Aim of the exercise
Look below for the line that contains "John Marin, On", then copy it and each following line to the end of the records, minus any pictures.

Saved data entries
=== Section Start ===

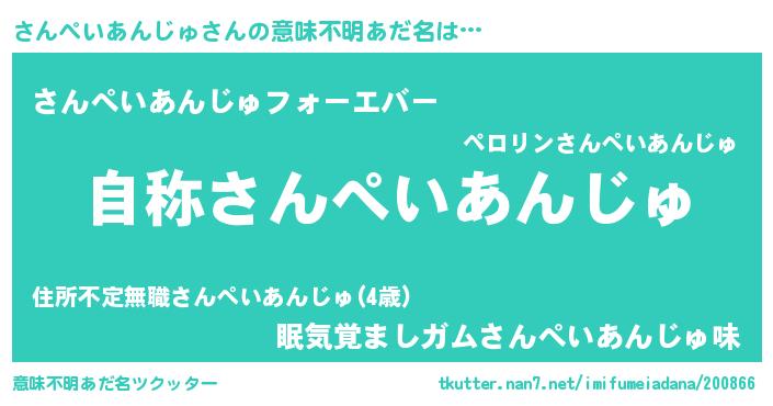 | 男性向けラノベタイトル風あだ名 | 『Re:さんぺいあんじゅから始める異世界生活』 |
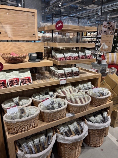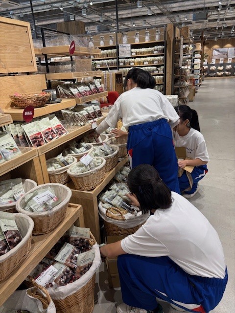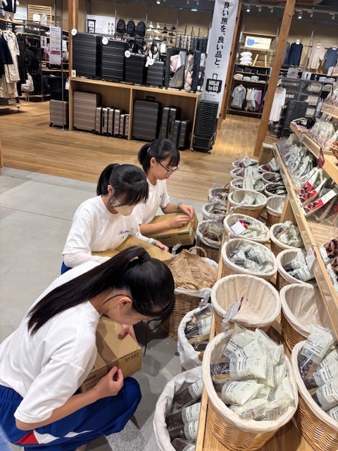 品出しを行っています。三枚目の写真は、自分たちで作った商品棚です。
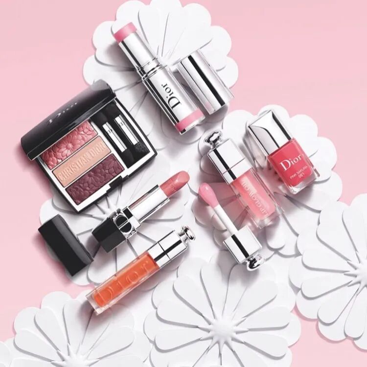 DIOR 2021年春季彩妆PURE GLOW系列,产品包括:眼影、唇线笔、唇蜜、指甲油等。
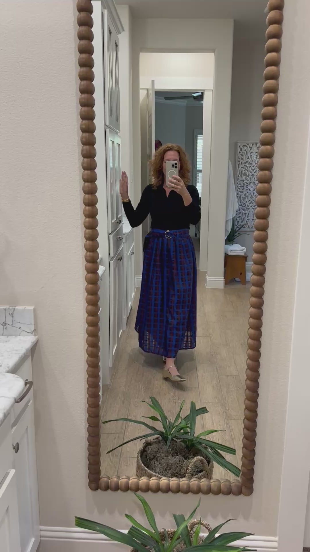 A full skirt made in the finest jacquard fabric with a square pattern. The stretch waist band comes with a removable gold D-ring belt in matching satin fabric. Fully lined with pockets.
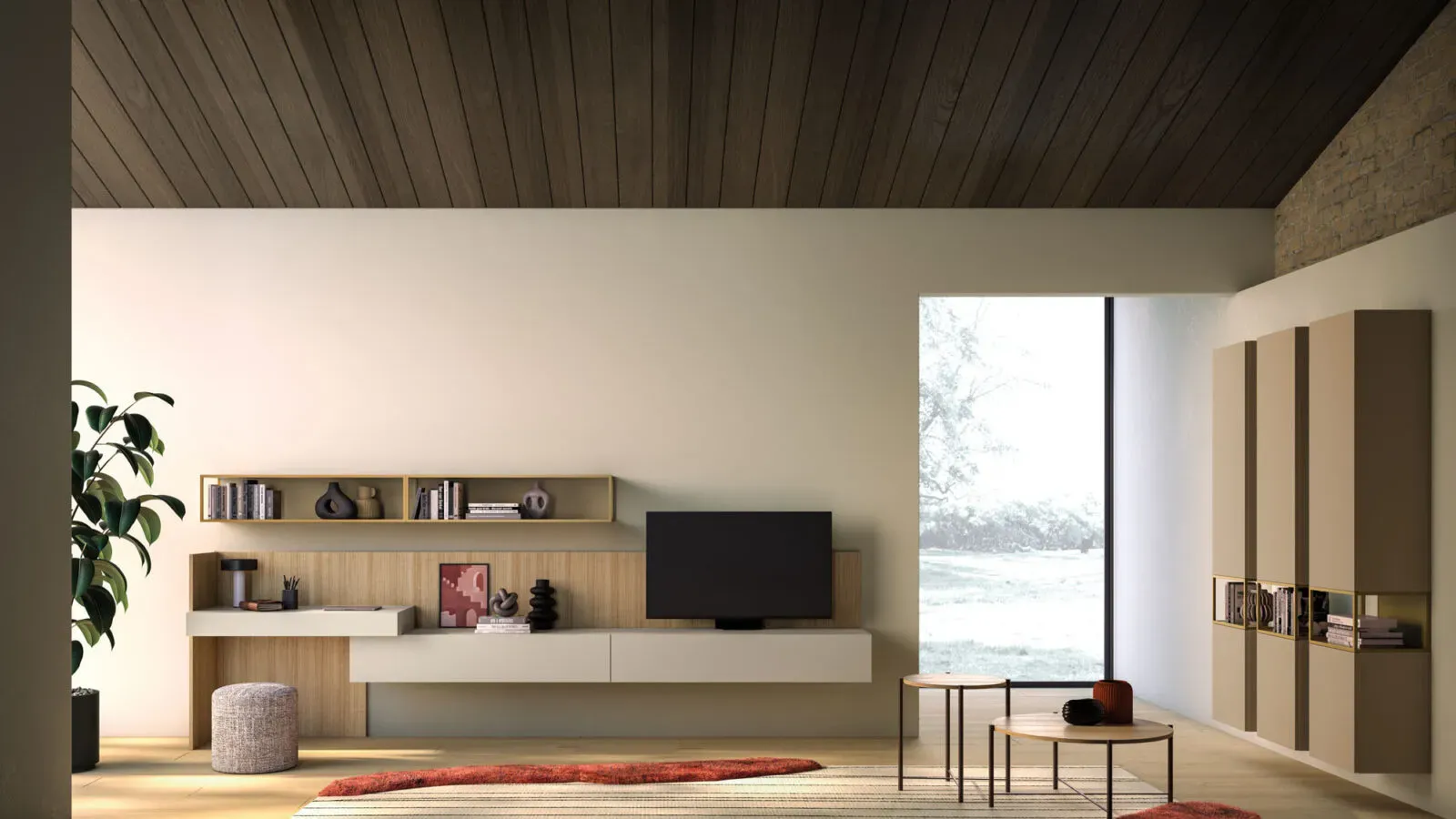 Una proposta multifunzionale che integra nella composizione uno scrittoio e una base sospesa che accoglie la TV. Calda e accogliente la resa cromatica di questa composizione, in perfetta sintonia con il suo ardito e informale abbinamento di linee e volumi.
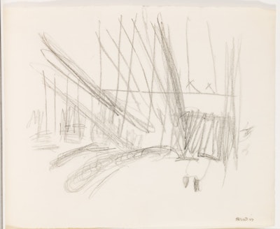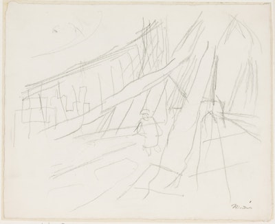 John Marin, On the Brooklyn Bridge, circa 1920, graphite on paper, 6 ⅞ × 8 ½ in. (17.46 × 21.59 cm.), Arkansas Arts Center Foundation Collection: Gift of Norma B. Marin, New York, New York. 2013.018.117
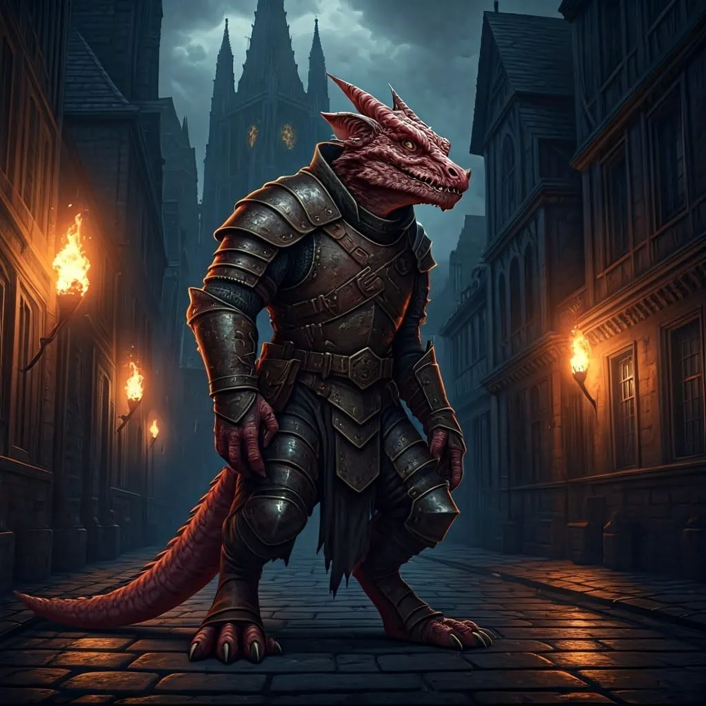 General Description: Kobolds are probably one of the oddest sapient species on Orth. They are small reptilian creatures with a somewhat bird-like gait, thin digitigrade legs and long tails. Their faces are somewhat draconic, with a long thin snout similar to that of a crocodile, sharp teeth, large eyes, and small horns atop their heads or sometimes fins along the back of their heads. They have larger protective scales around their mouths, hands, feet, eyes and along their undersides that vary in colour between individuals across various shades of reds, blues, greens and yellows, but are usually a paler colour than the small almost snake-like skin covering the rest of their bodies, which is usually a darker shade of the same.

=== Section End ===

Exercise solution
 John Marin, On the Brooklyn Bridge, circa 1920, graphite on paper, 6 ⅞ × 8 ½ in. (17.46 × 21.59 cm.), Arkansas Arts Center Foundation Collection: Gift of Norma B. Marin, New York, New York. 2013.018.117
 General Description: Kobolds are probably one of the oddest sapient species on Orth. They are small reptilian creatures with a somewhat bird-like gait, thin digitigrade legs and long tails. Their faces are somewhat draconic, with a long thin snout similar to that of a crocodile, sharp teeth, large eyes, and small horns atop their heads or sometimes fins along the back of their heads. They have larger protective scales around their mouths, hands, feet, eyes and along their undersides that vary in colour between individuals across various shades of reds, blues, greens and yellows, but are usually a paler colour than the small almost snake-like skin covering the rest of their bodies, which is usually a darker shade of the same.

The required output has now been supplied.